Around 680 million people - just under half of China’s 1.386 billion population - now live within an urban area. This extremely rapid urbanisation has seen almost 500 million people move to cities over the last 35 years, and the country now has more than 600 cities - many of which were just small towns a few decades ago.
This huge change is of great interest internationally, as China now consumes resources and emits waste on such a gigantic scale that it poses a threat to the earth’s sustainability.
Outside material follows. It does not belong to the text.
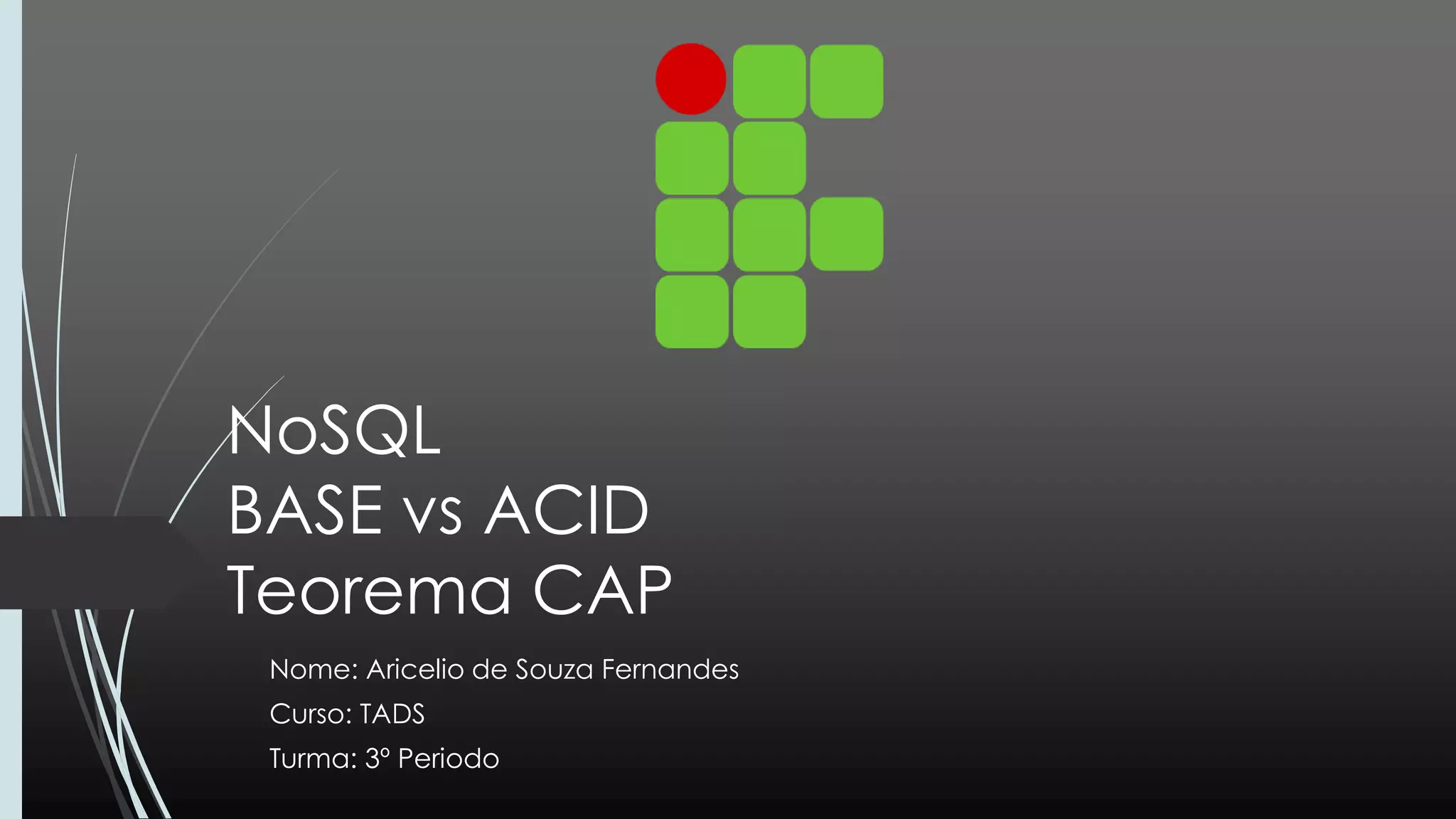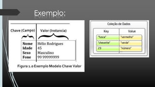 O documento discute NoSQL, comparando propriedades ACID e BASE e o teorema CAP. Apresenta vários modelos NoSQL como chave-valor, orientado a colunas, documentos e grafos. Explica como sistemas NoSQL priorizam disponibilidade sobre consistência de acordo com o teorema CAP.

This means that academics and policymakers are looking closely at the country’s urbanisation, highlighting a multitude of challenges for sustainable development such as urban-rural disparity, high car dependency, environmental pollution and degradation.
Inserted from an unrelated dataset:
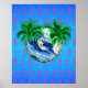 Conception surf d'un surfeur survolant une vague, encadrée de palmiers tropicaux. Arrière - plan bleu océanique et tortues de mer hawaïennes d'honneur rose et motif de masques Tiki.

The Chinese government has recently embarked on its New Urban Agenda, with the aim of making new development more sustainable, embracing an innovation-driven economy, people-centred urbanisation, and environmentally-conscious decision-making.
At the conference, delegates heard about Manchester’s recent transformation, its pioneering approaches to regional governance, and the need to balance economic growth with ensuring improvements in the quality of life of its residents.Attendees also heard how it has benefitted from an influx of younger residents into the city centre, and how the region continues to benefit from allocation of powers from central government.
Delegates were, in particular, impressed by Manchester’s success in integrating rail and tram services, as well as by ongoing schemes to improve the area’s blue-green infrastructure. They suggested that the importance of such schemes to the regeneration of town centres, as well as the reinvigoration of high streets and the boosting of urban tourism, were all examples of what other China and other countries could learn from Manchester.
Conference attendees were able to explore Greater Manchester’s cultural diversity and the effects of its ongoing urban renaissance and reinvigoration, with field trips being undertaken to places including Salford Quays and Manchester United’s stadium. They were impressed by the city’s track record of urban redevelopment, as it continues to assert itself as one of the UK’s pre-eminent globally focused cities.
China’s New Urban Agenda was organised by The University of Manchester’s Urban Institute. With over 100 individual papers being delivered, the major international conference brought together experts from around the world who share a common interest in striving for a more sustainable urban future.